- Developer: Backwoods Entertainment
- Publisher: Application Systems Heidelberg
- Platforms: Microsoft Windows, macOS, Linux, Nintendo Switch
- Release: Windows, macOS, LinuxNA: 24 May 2018; Nintendo SwitchWW: 27 January 2022;
- Genre: Point-and-click adventure game
- Mode: Single-player

= Unforeseen Incidents =

2018 video game

Unforeseen Incidents is a 2018 point-and-click adventure game developed by German company Backwoods Entertainment. Players control a local handyman who investigates a mysterious viral outbreak in his town.

== Gameplay ==
Harper Pendrell, a handyman, learns that a mysterious virus is killing citizens in Yelltown. Aided by a local academic and a reporter, Pendrell attempts to uncover who has unleashed the virus and why. Players control Pendrell as he performs his investigation. Rock, Paper, Shotgun described the puzzles as "extremely traditional" for an adventure game but said they differ from the usual implementation by having solutions in which the protagonist is not manipulative toward people who are supposedly his friends. For example, solutions may involve helping a friend to address a personal problem rather than exploiting it. As a handyman, Pendrell also solves some puzzles through the use of his tools. Items may be picked up and used to solve inventory-based puzzles, but some items are red herrings that do not have any in-game use.

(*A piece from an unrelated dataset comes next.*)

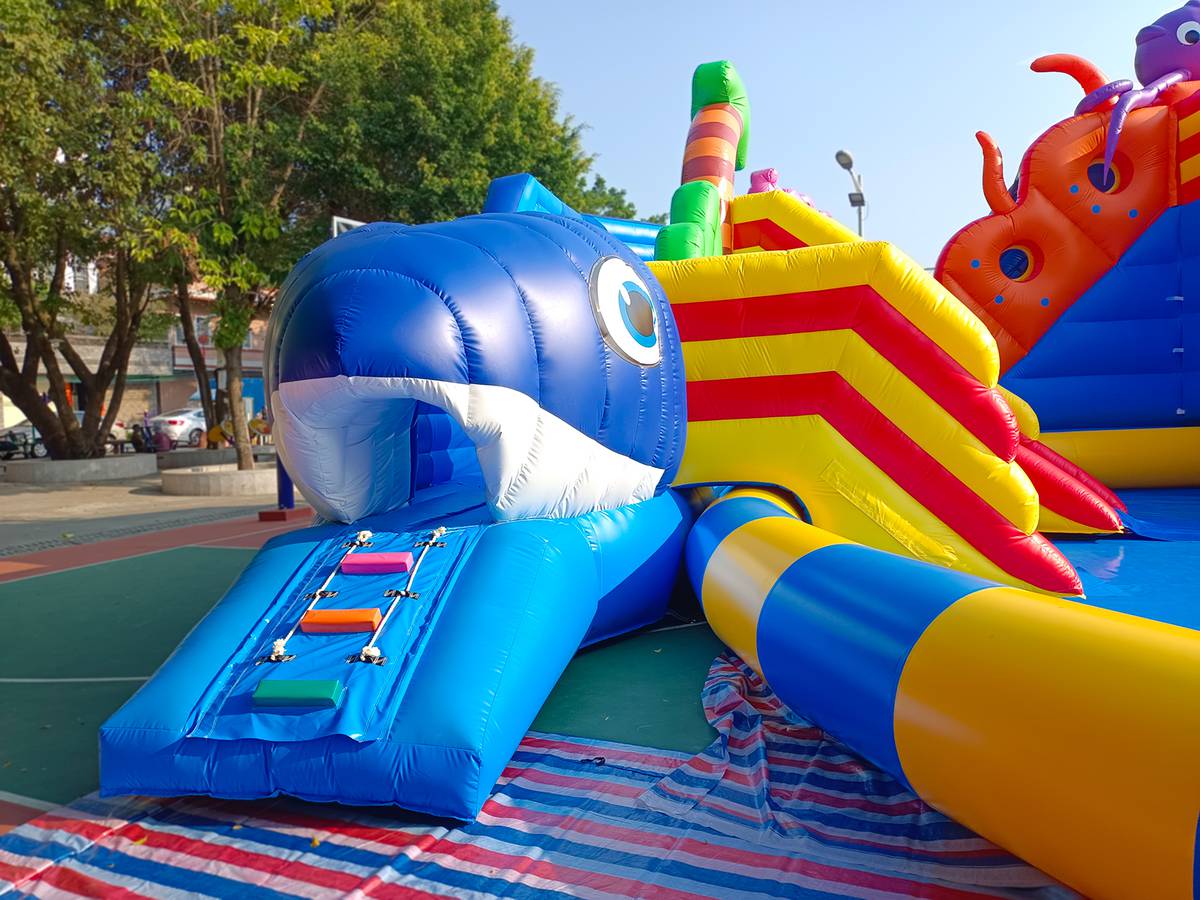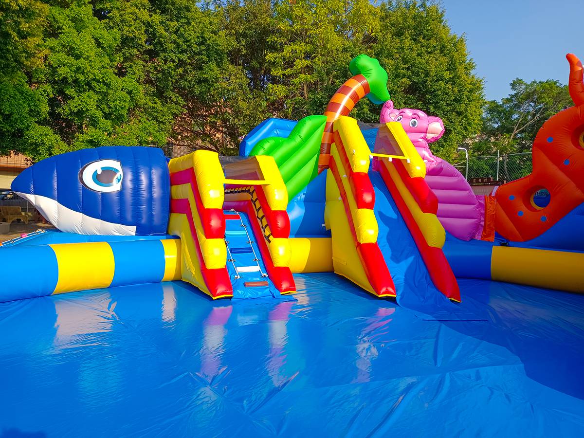 Габариты 20x17x7 м и общая площадь 340 м² позволяют разместить аттракцион как на открытых водных площадках, так и в крытых бассейнах торговых центров. Благодаря технологии постоянного поддува и использованию армированного ПВХ промышленного класса, комплекс сохраняет форму и устойчивость даже при активной эксплуатации в течение всего сезона.

== Development and release ==
The English-language dialogue is not a straight translation of the German dialogue. Instead, British comedian Alasdair Beckett-King contributed original dialogue. Unforeseen Incidents was released on 24 May 2018. A Nintendo Switch version is set to be release on 27 January 2022.

== Reception ==
Metacritic, a review aggregator, rated it 80/100 based on reviews from 13 critics, which the site catalogs as "generally favorable reviews ". Karla Munger of Just Adventure rated the game A− and wrote that the game "achieves a skillful balance between serious and genuinely funny", though she found some of the puzzles too frustrating. Writing for Rock Paper Shotgun, John Walker called it "a sharp, smart, witty and superbly constructed adventure", praising the voice acting, music, and art. Walker described the game's socially progressive values as unobtrusive and never devolving into virtue signalling. In his review for PC World, Fergus Halliday wrote the game is "predictable and familiar but has just enough to charm to win you over nevertheless". The conclusion reached by Adventure Gamerss critic, Richard Hoover, reads: "With a great voice cast, distinctive visual style, and intricate puzzle design, Unforeseen Incidents delivers a solid if well-worn story of a nobody from nowhere saving the world."